2. Consolidation of credit
institutions means a process in which two or several credit institutions (below
referred to as consolidated credit institutions) are consolidated to form a new
credit institution (below referred to as consolidating credit institution) by
transferring all lawful assets, rights, obligations and interests to the
consolidating credit institution simultaneously with terminating the existence
of the consolidated credit institutions.
3. Acquisition of credit
institutions means a process in which a credit institution (below referred to
as acquiring credit institution) acquires all lawful assets, rights,
obligations and interests of another credit institution (below referred to as
acquired credit institution).

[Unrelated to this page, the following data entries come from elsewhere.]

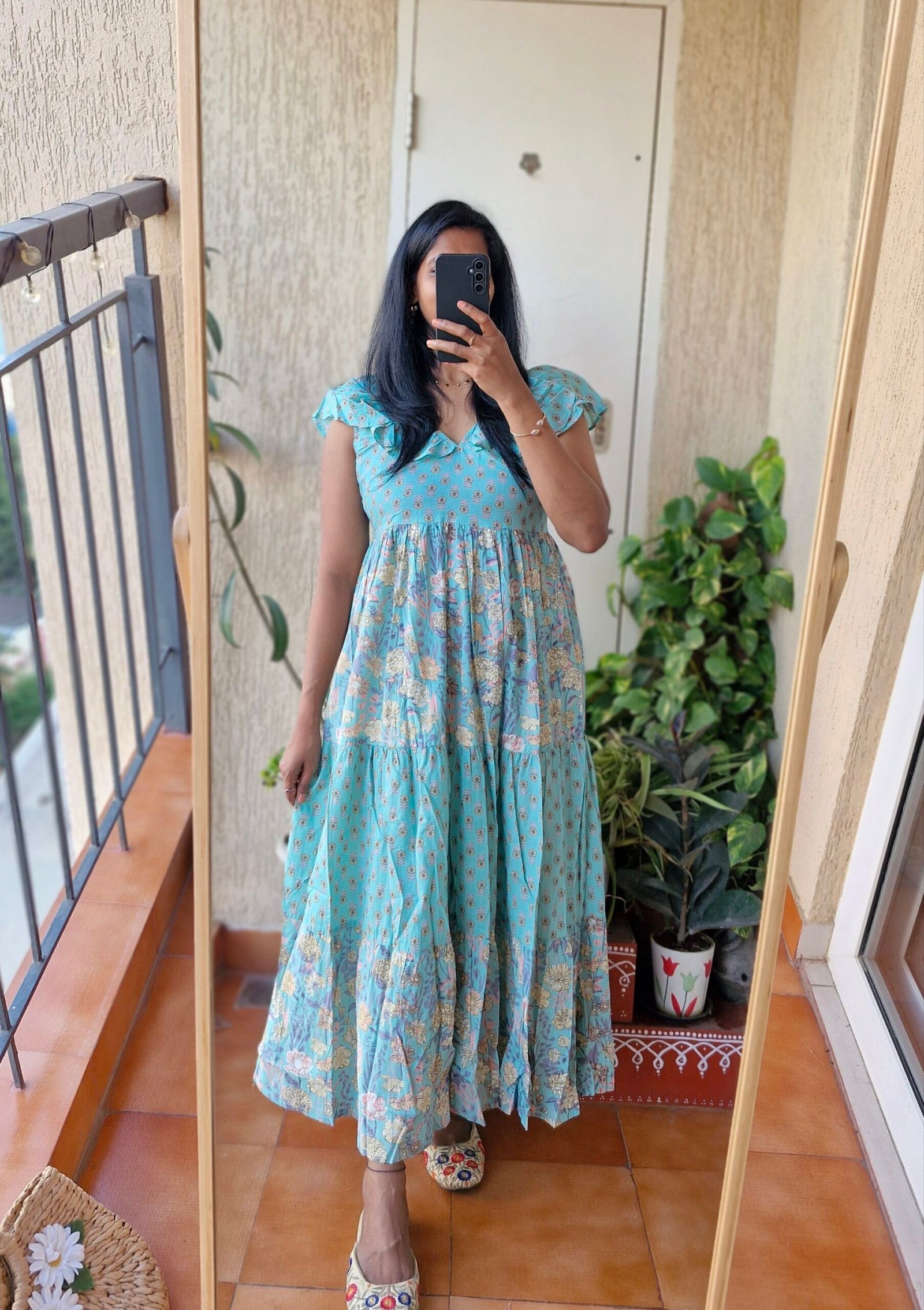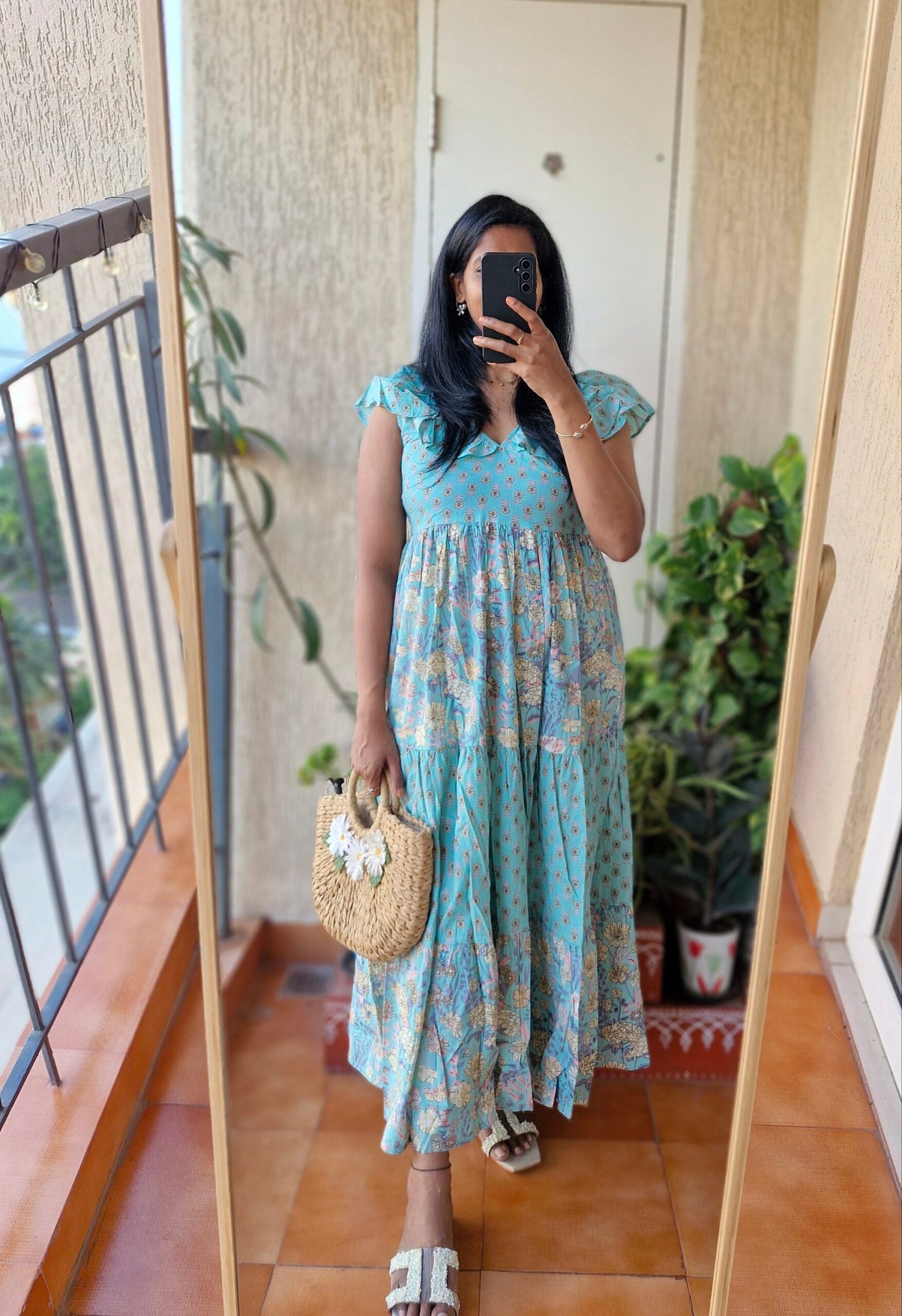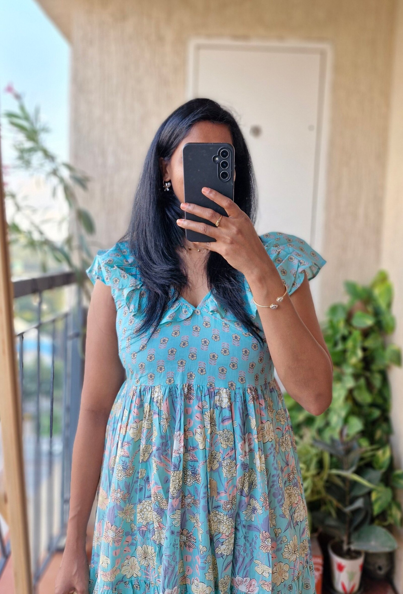 Beautiful sky blue floral cotton dress perfect go to vacay/brunch dress and at a super budget friendly price. Comes with a length of 53 inches.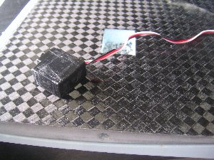こちらは、中央ピースのフラップのサーボベッド。 頂き物のウイングサーボ。メーカーは?聞いたことが無いブランドです。 |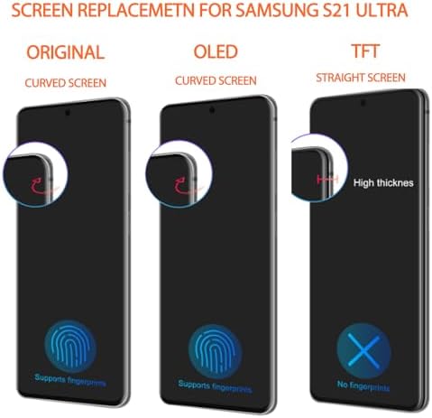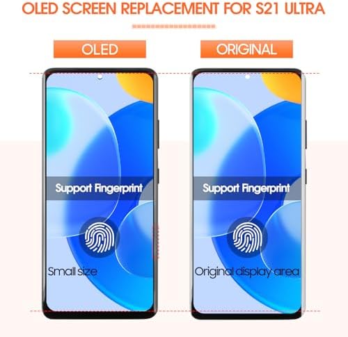- 【OLED screen 】This Samsung S21 Ultra 5G screen replacement belongs to OLED screenSame as original screen with fingerprint.This OLED screen is made of glass and is thinner than INCELL screen(INCELL screen is made of iron sheet and is heavier),This OLED screen display is better than INCELL screen,The OLED screen quality is better than INCELL screen. The OLED screen quality is close to the original screen, so it is recommended to buy OLED screen.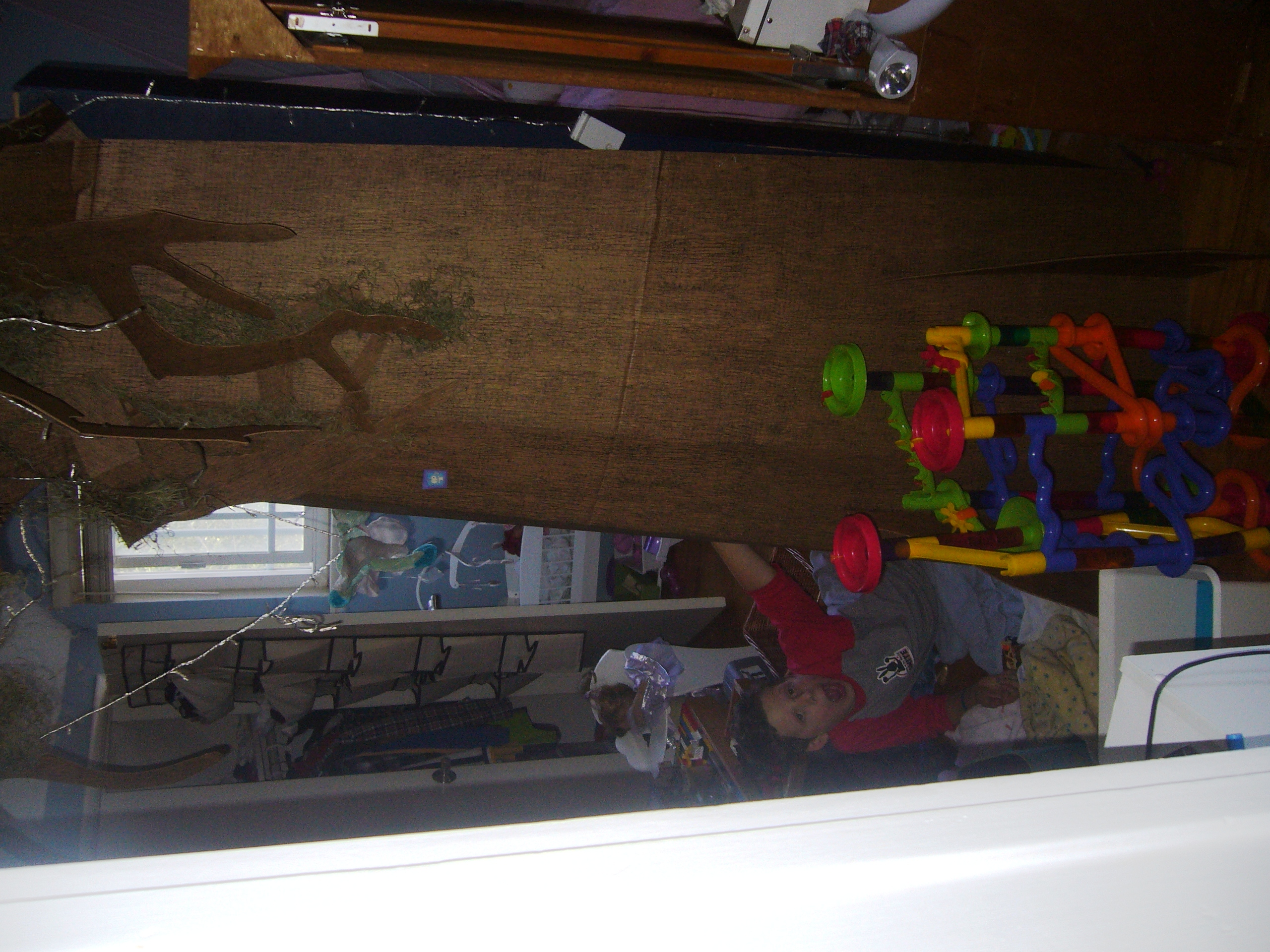 With a tree (that is missing its branches) right in the center of their bedroom. It looks like I got a cardboard cut out on sale from some Spooky Town Halloween Closeout Floor Special Sale. Oh, wait, that is where I got that tree! DUH!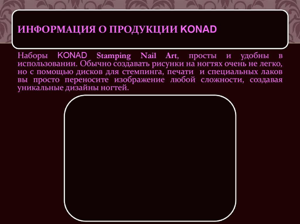 ИНФОРМАЦИЯ О ПРОДУКЦИИ KONADНаборы KONAD Stamping Nail Art, просты и удобны в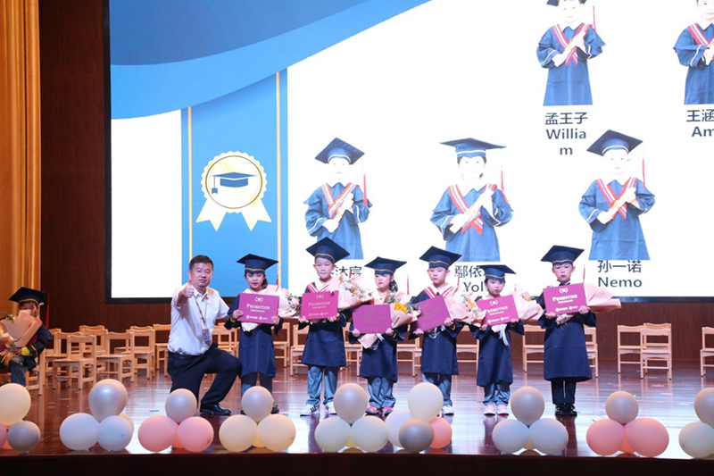 張寧校長、溫晨瑋校長和萬毅園長為大班的孩子們頒發畢業證書。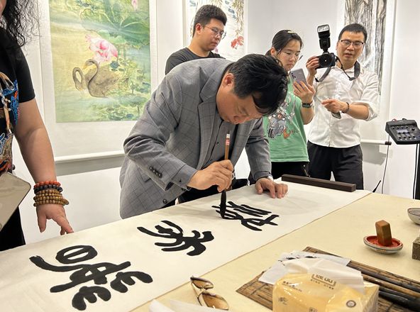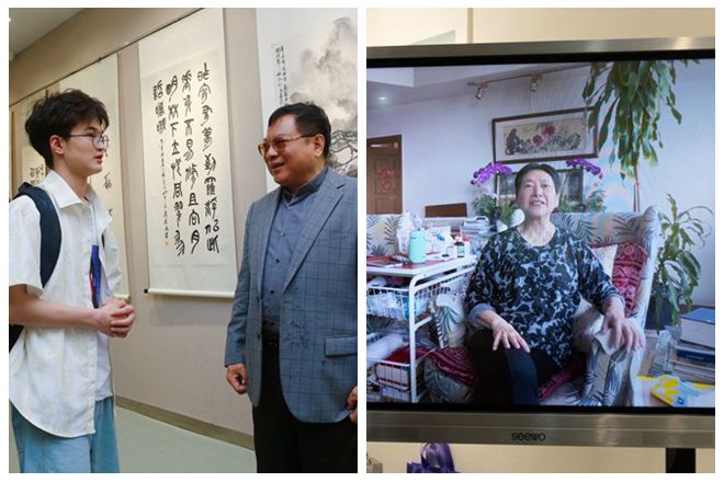 活动中,上海市吴昌硕文化艺术基金会理事长、书法家吴超为师生带来了精彩的分享,介绍了海派书画艺术源远流长的发展历程,新时代海派艺术的特点,以及吴昌硕大师对海派书画艺术的突出贡献,并着重赏析了吴昌硕的《达摩像》《寿鹤图》与《粗枝大叶》三幅经典作品。随后,刘海粟之女、画家刘蟾也通过视频形式向dafacasino网页版师生表达了问候。在现场互动环节中,参会学生们就自己在学习书法篆刻过程中的感想和思考进行了提问。随后,吴超移步至书画台进行创作展示,提笔写下“春华秋实”赠与dafacasino网页版留念。最后,梁建为本次书画活动“优秀奖”获奖同学颁奖。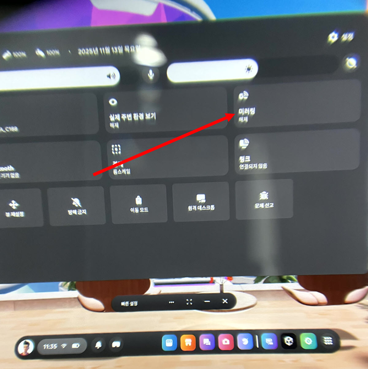 2)메타 퀘스트 장치 헤드셋의 디스플레이를 PC에서 표시하려면 빠른 설정 메뉴에서 미러링을 활성화합니다.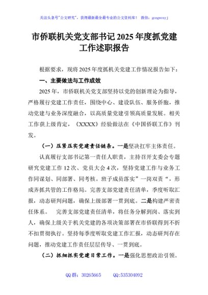 / 市侨联机关党支部书记2025年度抓党建工作述职报告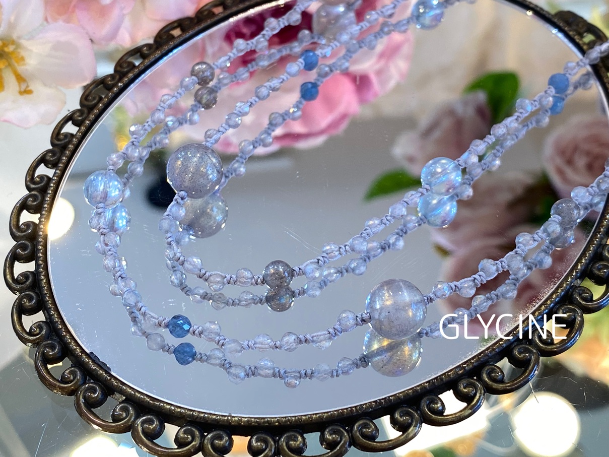 一番小さな小粒のラブラドライトを明るいシルバーカラーの紐で1粒1粒編んで、他の2種類の大きさのラブラドライトやアクアマリンを散りばめて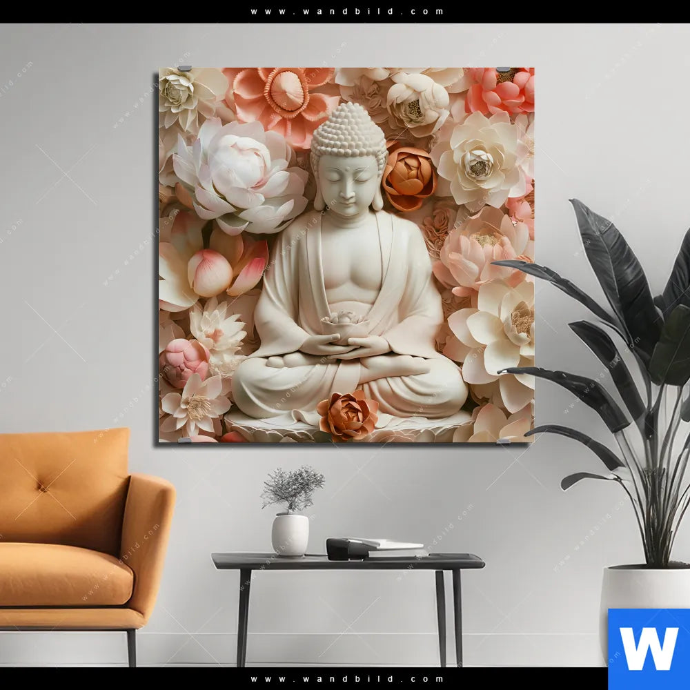 Alu-Dibond Bild | Meditierender Buddha mit Blüten | Quadrat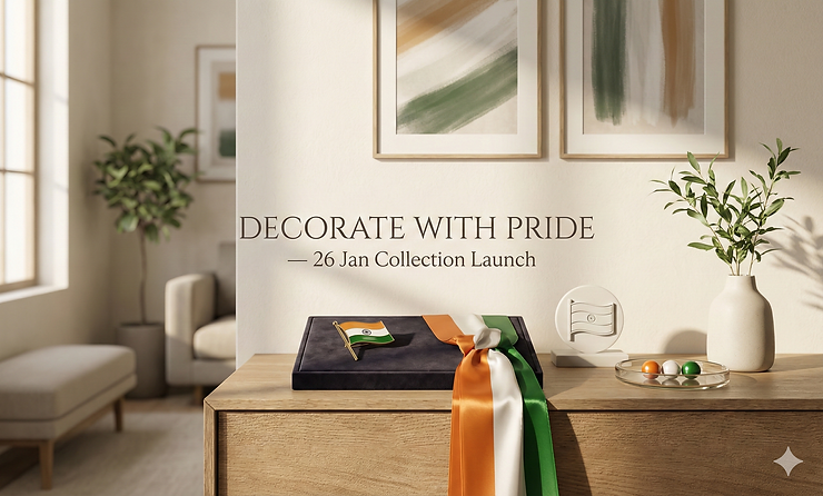 “Decorate with Pride” is our response to how people want to celebrate Republic Day in 2025: meaningful, elegant, and lasting. The collection focuses on quality items that integrate into everyday interiors — not seasonal clutter. Each piece is chosen to be wearable, displayable, or both: a indian flag brooch for men that doubles as a mantel artifact, a framed indian flag badge white decor tile that reads as art, and a handwoven tricolor sash that functions as a ceremonial sash and a stylish table runner.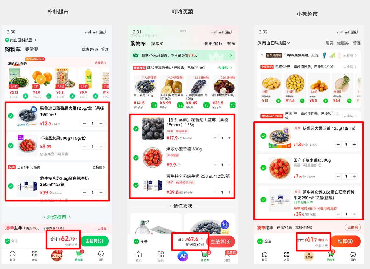 关于定价,加购同样大小规格的秘鲁125g蓝莓、500g千禧圣女果、蒙牛特仑苏纯牛奶,实付价格略有差异,小象超市更胜一筹。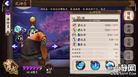 御魂是从茨木身上弄下来的,攻击能堆高点就堆高点,反正弄不死自己就行,最好是攻击两件套。攻击越高打得越快,特别是7层的草。 重点来了,鱼头的大招什么时候放?我个人经验是,放完大招之后,剩下的火够N-1个到回火回合数的兔子跳舞的。举个例子,鱼头大招的时候是8火,大完之后是5火,还需要三个我方式神行动才回火。剩下的5火理论上只够 两个兔子跳舞的,但是尾速兔子带招财,也就是只要两个兔子有一个触发了招财就行。连续不触发招财的几率是很小的,就算不触发也有晴明的盾和缚,威胁不大。还有就是鱼头行动完就回火,当前剩余5火或以上的情况也可 以放。但是在对面有地藏的时候建议不要放大招,保险起见先用晴明干掉带地藏的再安心放大。 最后祝大家都早日刷出皮肤。这皮肤真的挺好看的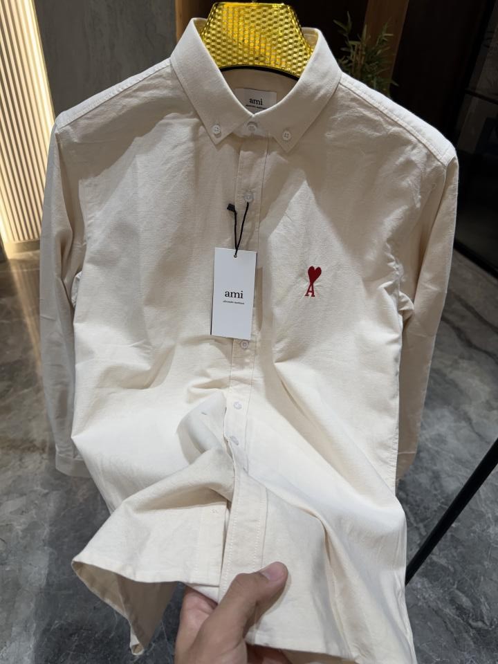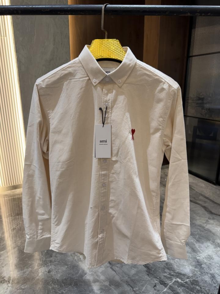Home Shirts AMI PARIS CREAM PREMIUM RED LOGO EMBROIDERED STORE ARTICLE SHIRT

After being acquired, the acquired credit
institution becomes an affiliate of the acquiring credit institution.
4. Credit institutions involved
in a merger include the merging credit institution and the merged credit
institutions.
5. Credit institutions involved
in a consolidation include the consolidating credit institution and the
consolidated credit institutions.
6. Credit institutions involved
in an acquisition include the acquiring credit institution and the acquired
credit institution.
7. The representing credit
institution is a merged credit institution which is authorized by the remaining
consolidated credit institutions to act as the focal point in settling matters
related to the consolidation of credit institutions.
8. Competent body of a credit
institution is the body which is competent to decide on the merger, consolidation
or acquisition of the credit institution according to the credit institution's
charter and current law.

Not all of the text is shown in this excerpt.